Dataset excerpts
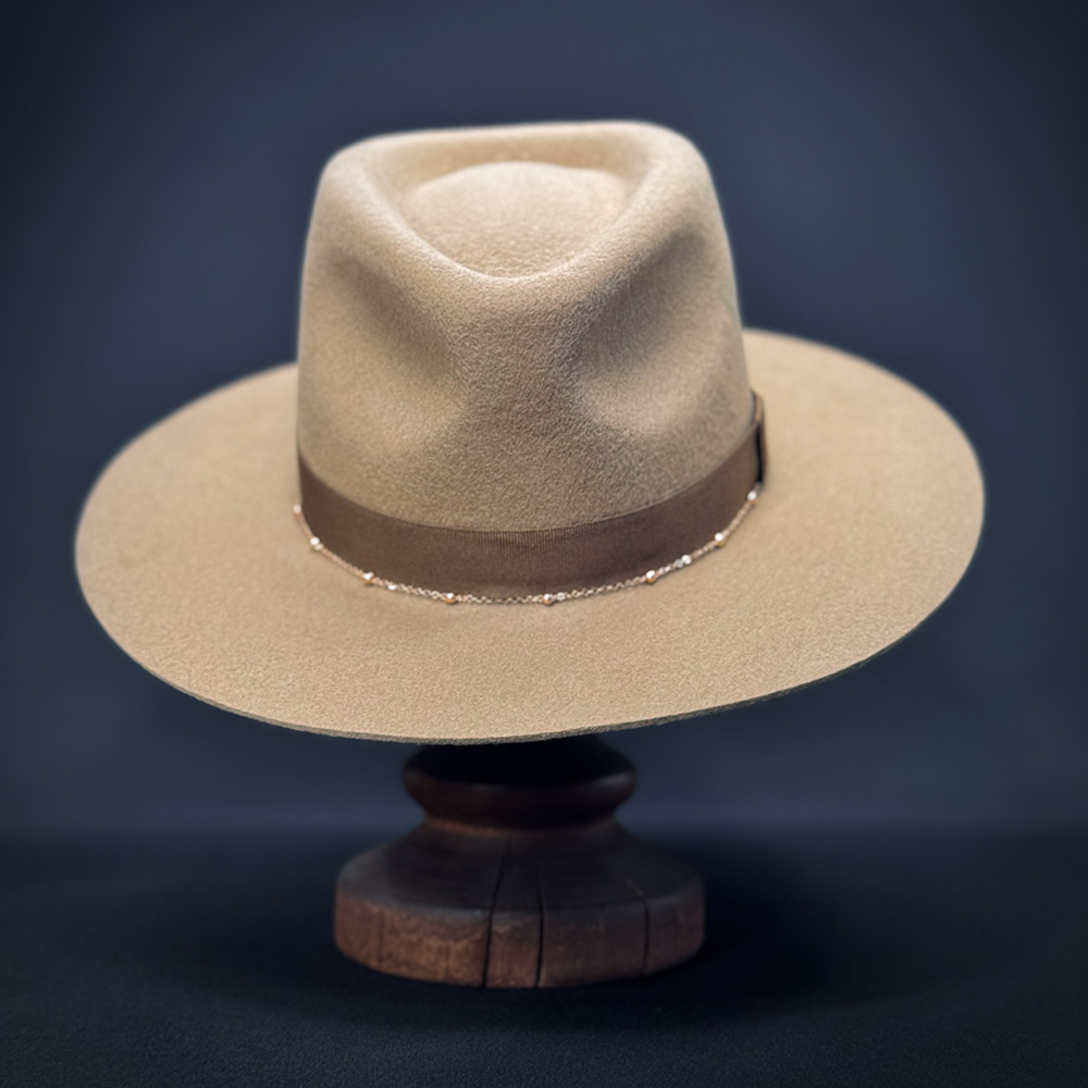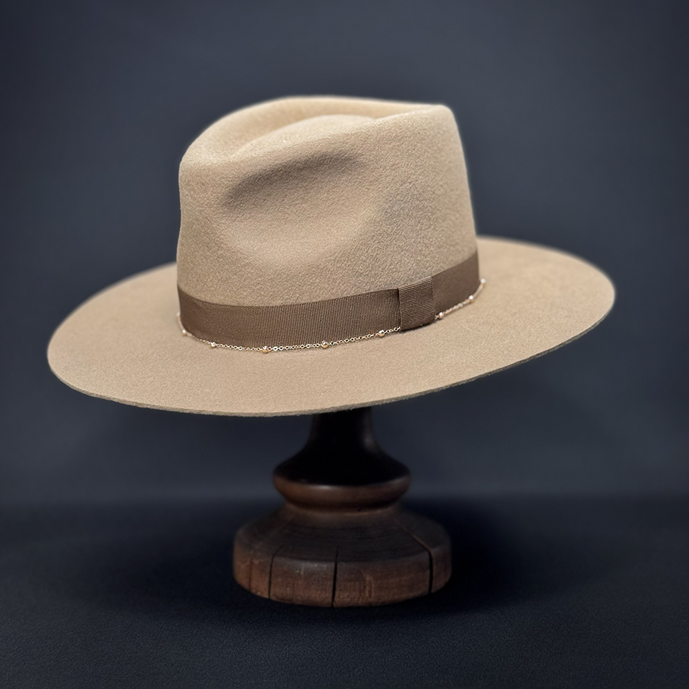 Репсовая лента в тон, плотная и элегантная. По нижнему краю ленты — тонкая цепочка с крошечными металлическими шариками золотого цвета. Цепочка слегка играет при движении, добавляя образу лёгкое сияние.
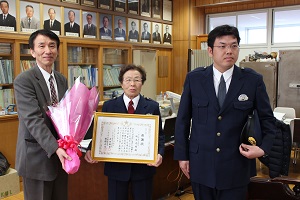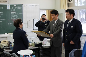 いわき中央署と草野小学校の連名で、交通指導員の坂本様に感謝状を贈呈しました。
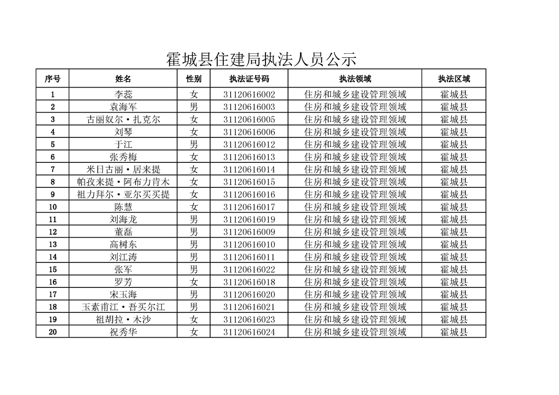 霍城县住建局执法人员公示
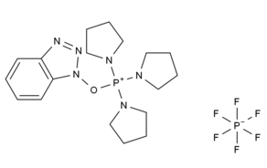 Benzotriazole-1-yl-oxytripyrrolidinophosphonium hexafluorophosphate,化学式 C18H28F6N6OP2, 熔点 154-156 °C (dec.)(lit.)
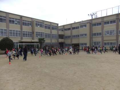 2年生の子ども達は,中間休みに放送で軽快な曲が流れると,大急ぎで運動場へ行きます。5分間で自分のペースで走ることができるので,みんなニコニコ笑顔で気持ちよく走っています。

§ **WHAT IS NEEDED**: Set down word for word every line from the one containing "霍城县住建局执法人员公示" through the last line of the records above, both ends included. Leave out the pictures.

§ **YOUR SOLUTION**:
 霍城县住建局执法人员公示
 Benzotriazole-1-yl-oxytripyrrolidinophosphonium hexafluorophosphate,化学式 C18H28F6N6OP2, 熔点 154-156 °C (dec.)(lit.)
 2年生の子ども達は,中間休みに放送で軽快な曲が流れると,大急ぎで運動場へ行きます。5分間で自分のペースで走ることができるので,みんなニコニコ笑顔で気持ちよく走っています。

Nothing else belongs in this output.